Dear Writer: The Muse Is a Lie

Many years ago I took a playwriting class that consisted in part of discussing great drama and reading aloud our own pieces, but mostly consisted of our professor giving us pep talks on the literary life. “No one’s going to care if you stop writing,” he declared, explaining how since family and friends didn’t understand what we did, no one would be concerned if we took a different route. “You have to do it for you.”

Another truth he upheld was, “There is no Muse.”

I thought these insights from a professional writer were great. I was still too young and inexperienced to have thought them any more than an appealing philosophy, a manifesto I should hold on to. But now that I’m older and have chalked up the miles as a writer, I can say, well, first, no, people don’t care if you stop. (That’s another post for another day.) But I can say definitively, “There is no Muse.”

The Muse is a lie.

In other words, don’t wait for inspiration to roll around to write.
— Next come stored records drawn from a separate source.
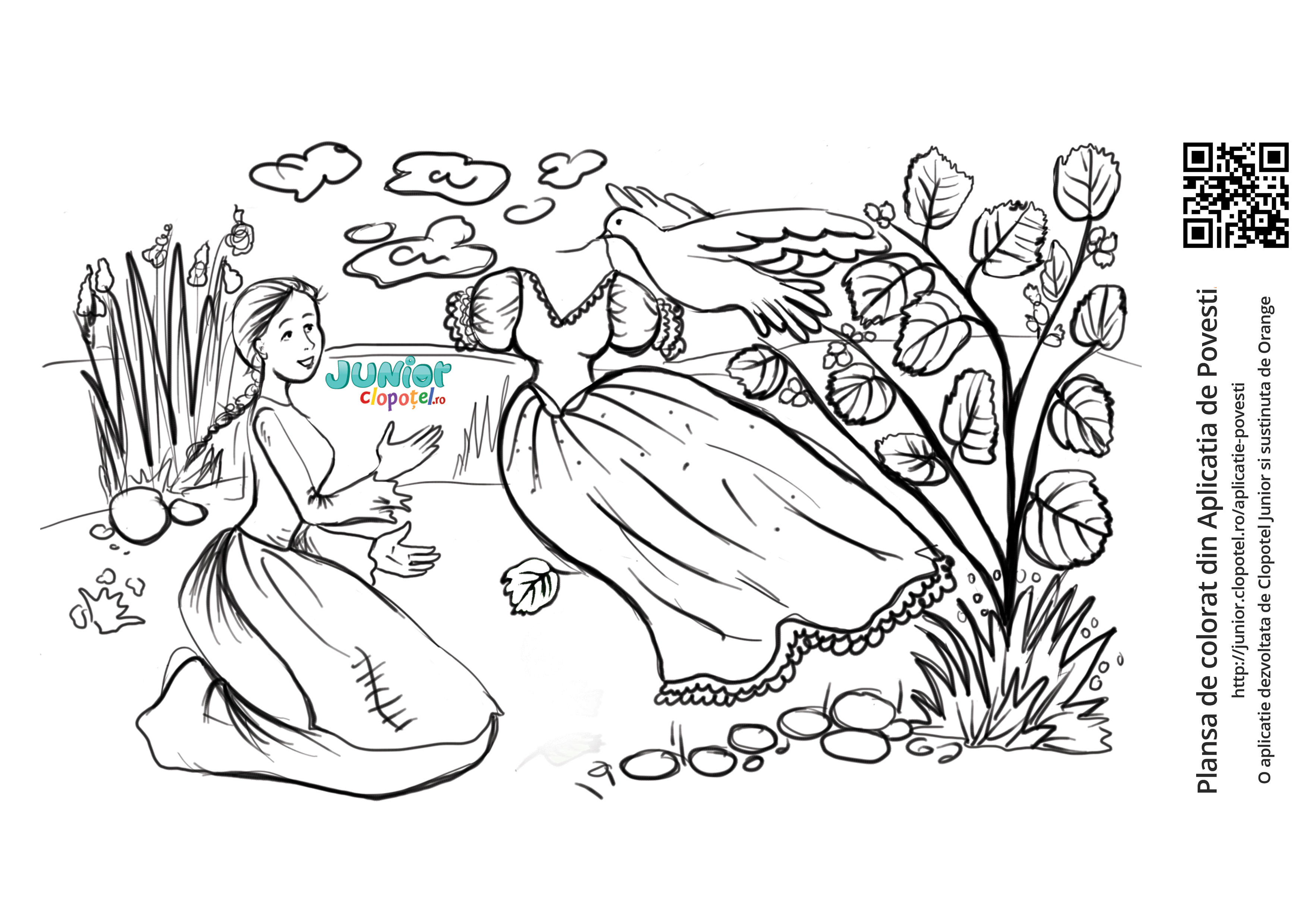 Descriere: Plansa de colorat cu Cenusareasa care primeste de la o pasarica rochia pentru petrecere. Scena din aplicatia POVESTI. Daca vrei sa descoperi mai multe basme sau legende, descarca-ti aplicatia din Google Play sau App Store.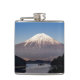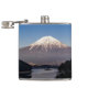 Majestic Mt Fuji reflected in Lake Tanuki and framed by the river banks at nightfall.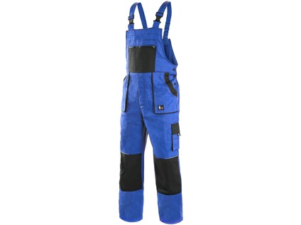 Pánské montérkové kalhoty s náprsenkou - zkrácená varianta na výšku 170-176 cm. Náprsní kapsa na zip, pas vzadu do gumy, přední kapsy, boční kapsa na svinovací / skládací metr, boční kapsa na mobil / peněženku, zdvojená kolena, zadní kapsa s klopou,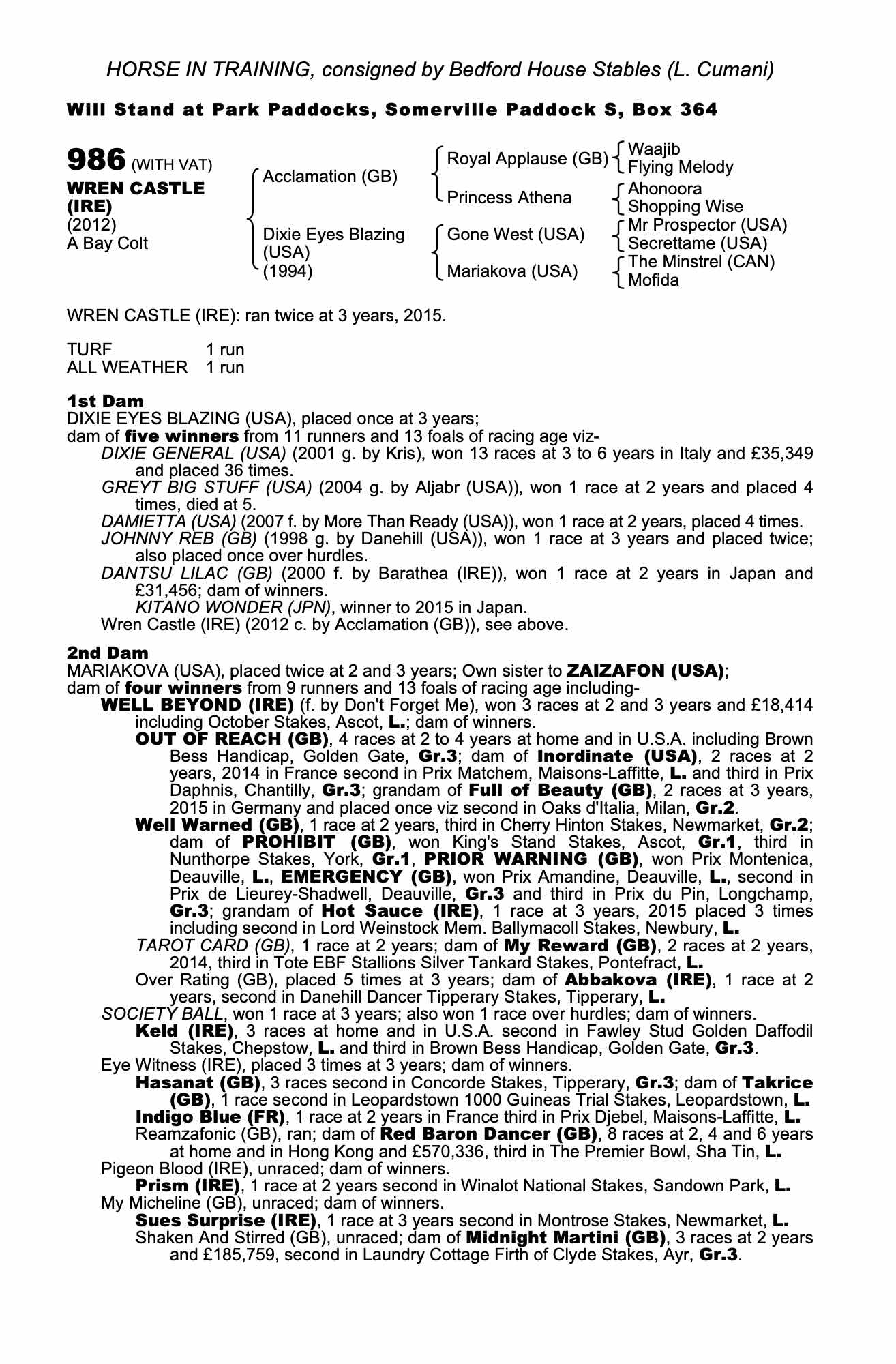 Consignor: Bedford House Stables (L. Cumani)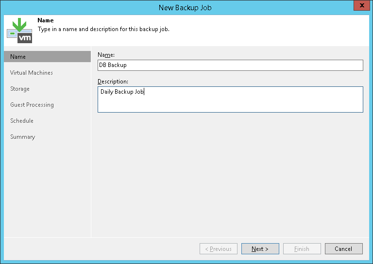 At the Name step of the wizard, specify a name and description for the backup job.
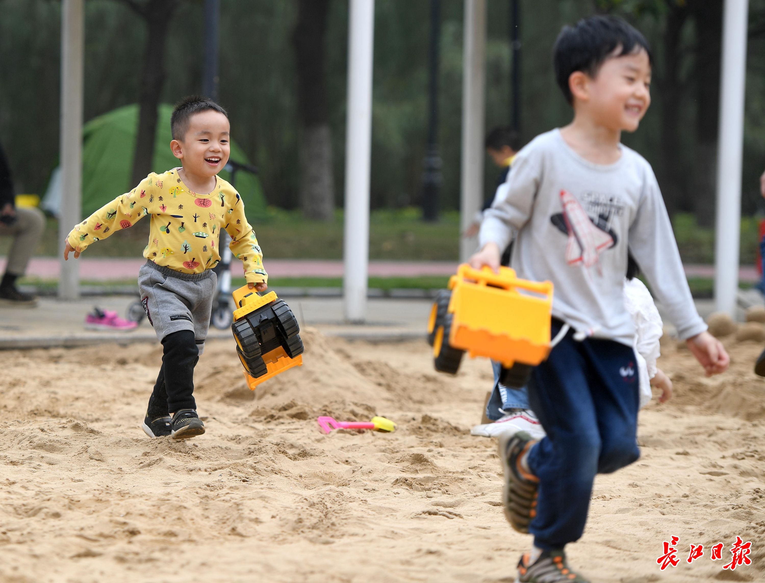 长江日报-长江网10月18日讯 10月18日,午后太阳出来,汉口江滩三期沙滩游乐区成了孩子们欢乐的海洋,众多家长前来遛娃,沙坑、海盗船、森林爬杆、造型爬网等让孩子们可以玩上一整天。玩沙之后,旁边还有洗手冲脚的水池,十分方便。(记者周超 摄影报道)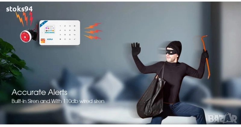 Gsm& WiFi smart компактна аларма. Известия и позвънява на телефон. SOS бутон. Звънец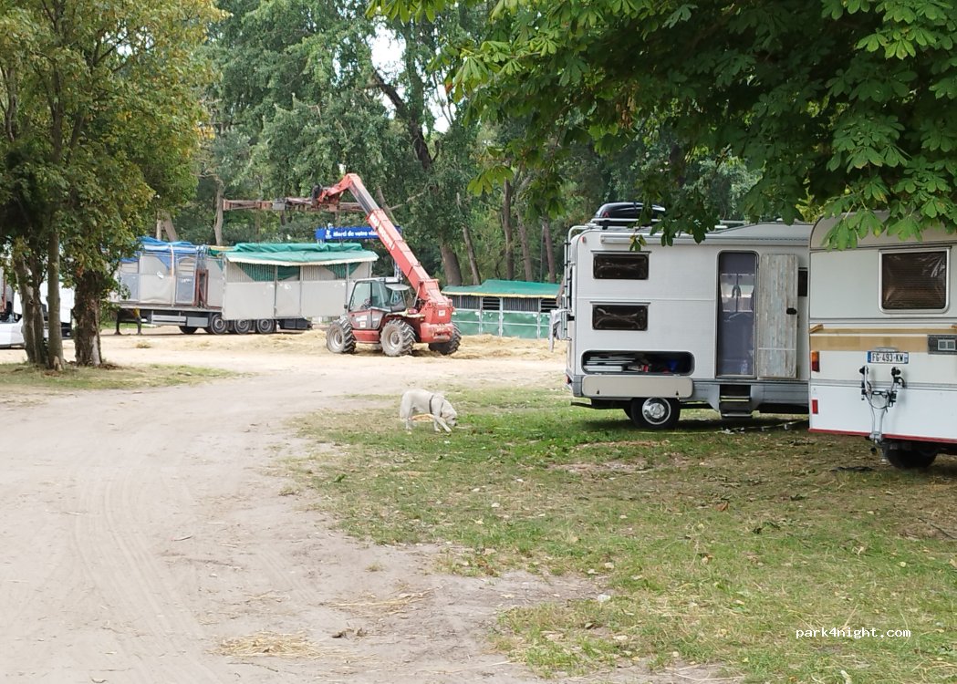 Très très grand parking. Calme et plat. Juste à côté de l'hippodrome mais aucun bruit la nuit. Aucun service. 11€ pour 23h.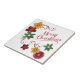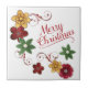 This festive Holiday tile features a pretty trio of gold, red, and green Christmas flower images at the top left, and more at the bottom right. The flowers are embellished with red swirl designs. The decorative text at the side says "Merry Christmas" in red. Everything is placed on a snow white background. Pretty for the Christmas Season!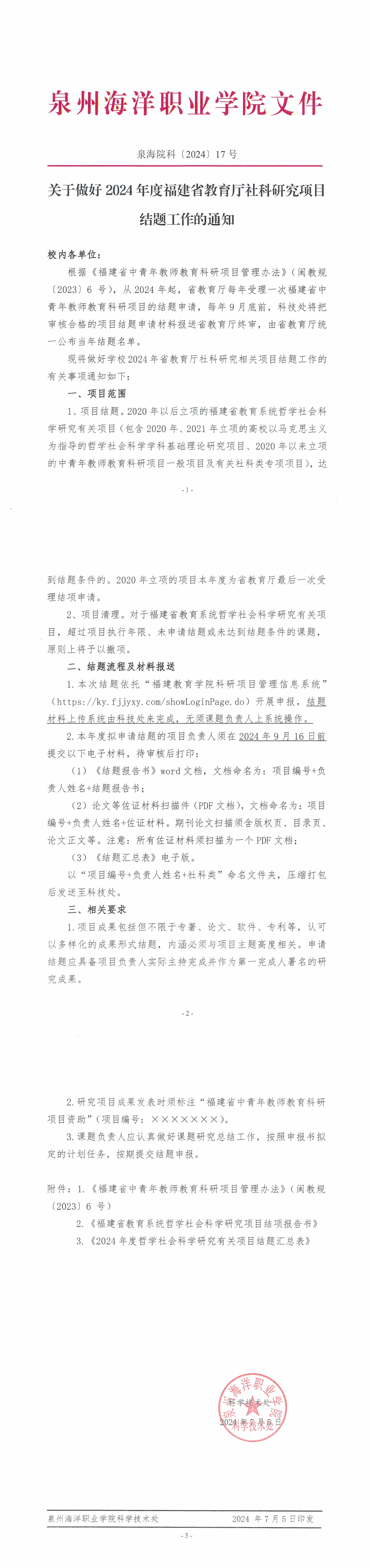 【结题】关于做好2024年度福建省教育厅社科研究项目结题工作的通知 泉海院科〔2024〕17号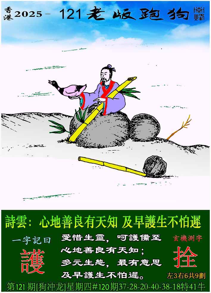| 主题 :121期老版跑狗一字記之曰:【護】 玄機測字:《拴》 |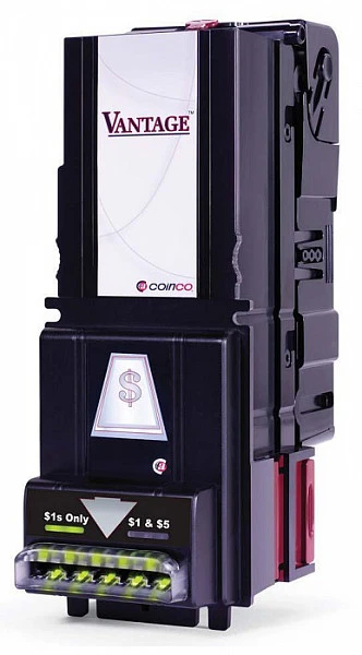 Банкнотоприёмник Coinco Vantage используется совместно с торговыми автоматами. Высокая скорость приема и распознавания банкнот, а также повышенная влаго- и вандалозащищитные свойства платежной системы Coinco.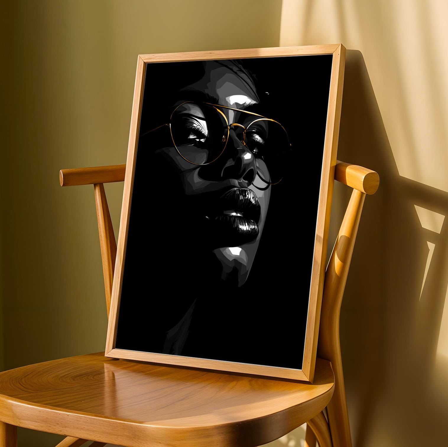 This striking art print captures a dramatic close-up of a face in deep shadow, accentuated by bold highlights and reflective gold-rimmed glasses. The monochrome palette and glossy textures create a powerful, enigmatic mood, perfect for adding a touch of sophistication to any space.

The Muses were the goddesses of artistic inspiration, traditionally understood to be the daughters of Zeus. Each one embodied something of the arts, either poetry, music, or dance, and would bestow artists with the ability to do their work. Authors like Homer, Virgil, Shakespeare, Dante, and Ovid invoke the Muse at the start of their works, not only asking for help in telling the story, but sometimes asking for the Muse to tell the story through them.

The idea of the Muse continued, but instead of looking to the gods for divine inspiration, writers looked to man for inspiration, eyeing physical beauty or other appealing attributes. Fitzgerald’s Zelda, Dante’s Beatrice, even Kerouac’s Cassady are all Muses that inspired literary works.

Yet when a writer is “waiting on my Muse,” it can mean either a tangible thing of inspiration, or the right moment of feeling flooded with creativity. It may happen at any time, or may take days or weeks for the Muse to “show up.” Some writers are superstitious about it and attempt to set up routines and methods by which to prompt the Muse. But once the Muse arrives, wonderful productivity and beautiful words must be on their way. Right?

No. Because the Muse is a lie, and it’s dangerous to think otherwise. My professor was right: There is no Muse.

Here are some ways to kill the Muse and become your own writer:

Read a Lot, and Widely: The best writers are the best readers, because readers pick up on how plotlines rise and fall, what kinds of descriptions make characters engaging, how great setting is created, how words are used, and how to weave in metaphor and literary devices. Reading also engages you with ideas both past and present, and empowers you to interact with the conversation. Prime the pump so that when you come to write, you have topics to write about, craft to work with, and won’t be relying on a Muse to make that happen.

Find Your Own Voice: They say you’ve finished the beginner stages of writing when you’ve written a million words. At that point, you should know what kind of style you write in, what kinds of stories you’re interested in writing, should feel comfortable around language, and above all, have found your voice. Don’t wait for someone outside of you to tell you what your voice should be.

Work When You Can: A lot of writers I know don’t have hours alone to waste away while waiting for inspiration to strike. One of the biggest habits I taught myself was to be able to turn writing on when I needed it, and turn it off when I don’t. Be ready to write by priming the pump with ideas and letting your subconscious brain work away at your creative problems. It takes some training, but it’s the skill that will allow you to be productive in the early morning hours before the family wakes up, on your lunch break, on the train on the way home. or in the stolen moments.

Discover Your Own Motivation: Waiting around for a Muse to make you productive is a lot like playing video games on your computer until your boss appears telling you to get to work. As writers, the desire to create is like breathing. Writers have stories to tell, voices they want to share with the work, news to report, dialogue to add the bigger conversations. It’s a kind of voraciousness that’s hard to quench. Discover the reasons why you love to write and use that as your motivation.

Learn the Business: In the creative writing world, there’s the assumption that if your work is really, really good and inspired enough, agents, literary magazines, publication, and fame will find you. That’s a lie. It’s unfortunately fallen to the writer to learn about the business themselves (most MFA programs will teach you how to write, but not how to sell what you write), but it’s worth the time to learn. Start submitting to literary magazines to find out how that process works. Learn about query letters and contracts. Learn about the changes in author marketing, in self-promotion, in traditional and self-publishing. Learn how bookstores work; heck, go work in one! Once you have this knowledge, you’ll know how to take action — and won’t need to wait for someone to come along and tell you how it’s done.

Put in a little work, practice, and ingenuity, and you won’t have need for a Muse at all.